BEGIN RECORDS

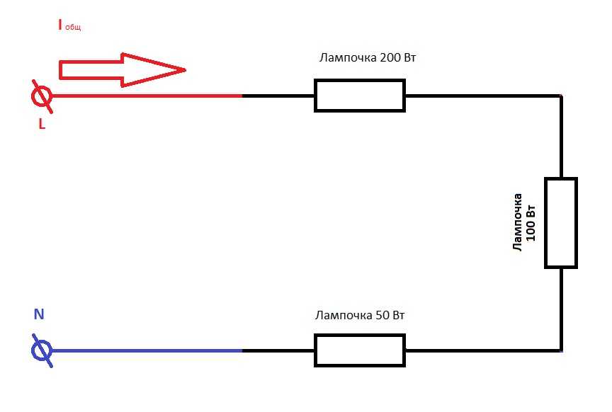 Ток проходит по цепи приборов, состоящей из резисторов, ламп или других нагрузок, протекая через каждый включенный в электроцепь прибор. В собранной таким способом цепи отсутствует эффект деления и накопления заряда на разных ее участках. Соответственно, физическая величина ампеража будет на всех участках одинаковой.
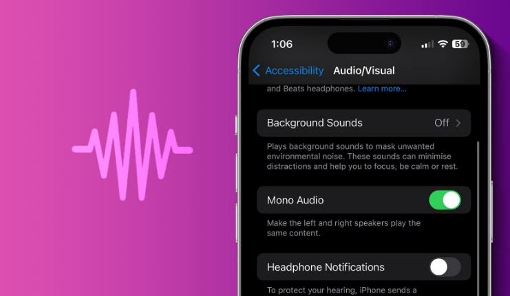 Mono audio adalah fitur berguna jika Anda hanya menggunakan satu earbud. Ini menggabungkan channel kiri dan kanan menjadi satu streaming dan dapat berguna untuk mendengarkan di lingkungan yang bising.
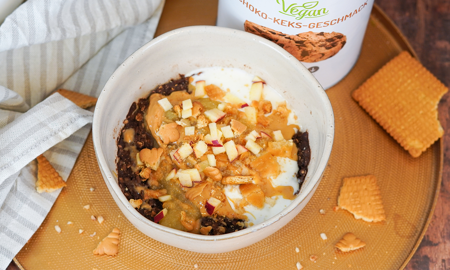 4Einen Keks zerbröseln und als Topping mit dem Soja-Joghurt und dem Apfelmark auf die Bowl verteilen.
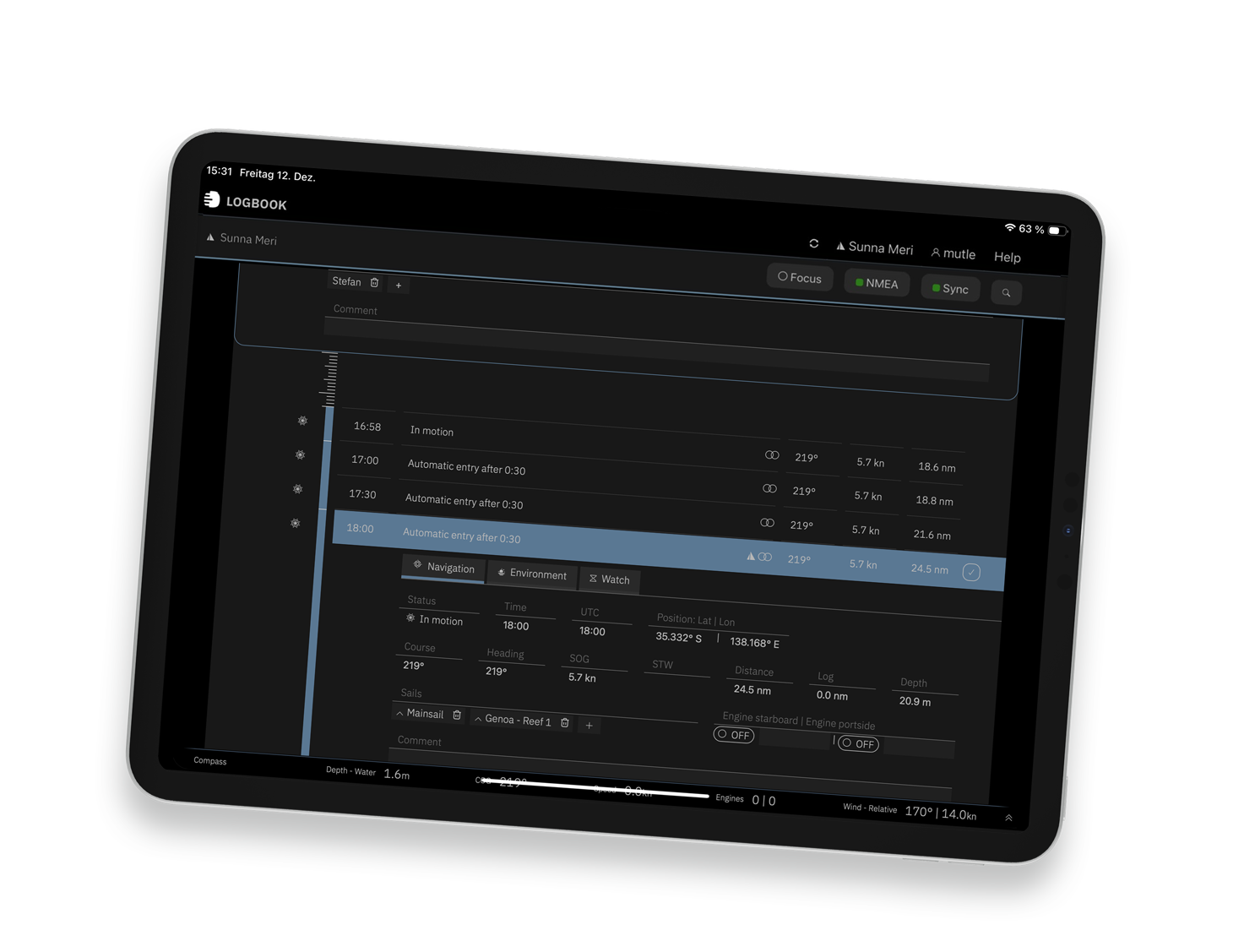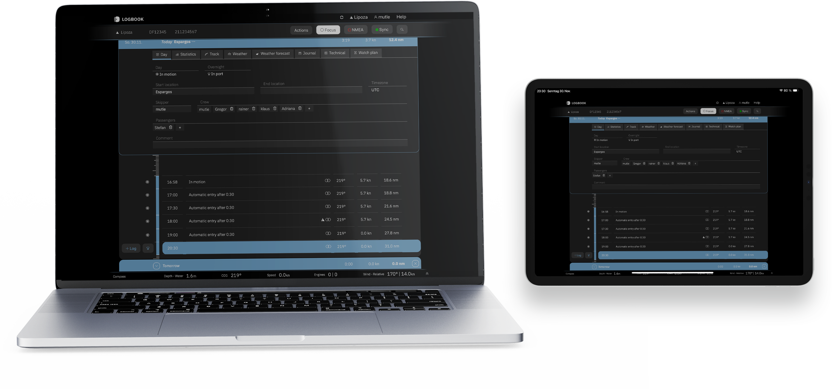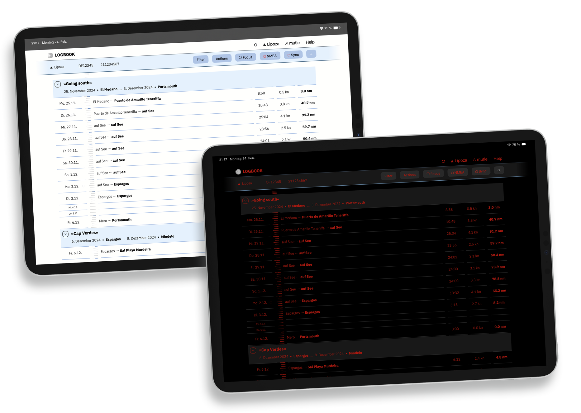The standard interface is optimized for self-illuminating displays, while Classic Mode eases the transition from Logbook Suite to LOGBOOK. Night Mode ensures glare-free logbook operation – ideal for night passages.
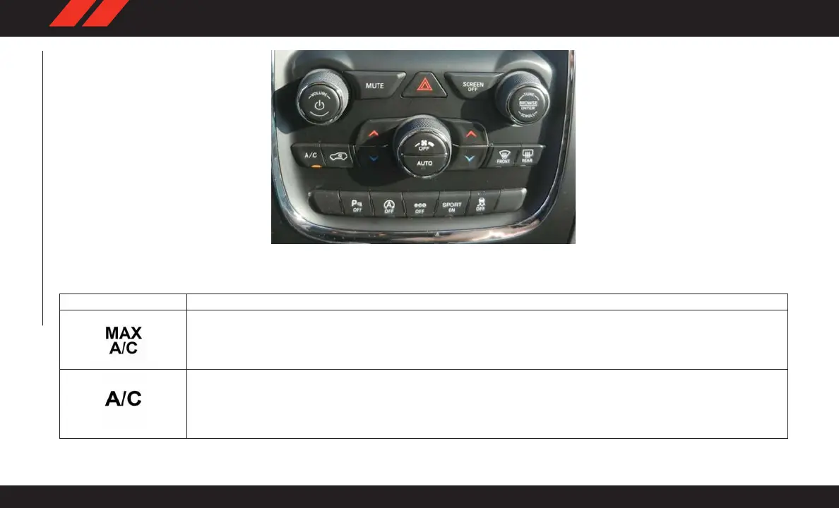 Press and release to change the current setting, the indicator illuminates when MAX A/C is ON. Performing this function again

END RECORDS

:: EXERCISE ::
Please write the data out again exactly, but do not carry over the pictures.

:: WRITTEN RESPONSE ::
 Ток проходит по цепи приборов, состоящей из резисторов, ламп или других нагрузок, протекая через каждый включенный в электроцепь прибор. В собранной таким способом цепи отсутствует эффект деления и накопления заряда на разных ее участках. Соответственно, физическая величина ампеража будет на всех участках одинаковой.
 Mono audio adalah fitur berguna jika Anda hanya menggunakan satu earbud. Ini menggabungkan channel kiri dan kanan menjadi satu streaming dan dapat berguna untuk mendengarkan di lingkungan yang bising.
 4Einen Keks zerbröseln und als Topping mit dem Soja-Joghurt und dem Apfelmark auf die Bowl verteilen.
The standard interface is optimized for self-illuminating displays, while Classic Mode eases the transition from Logbook Suite to LOGBOOK. Night Mode ensures glare-free logbook operation – ideal for night passages.
 Press and release to change the current setting, the indicator illuminates when MAX A/C is ON. Performing this function again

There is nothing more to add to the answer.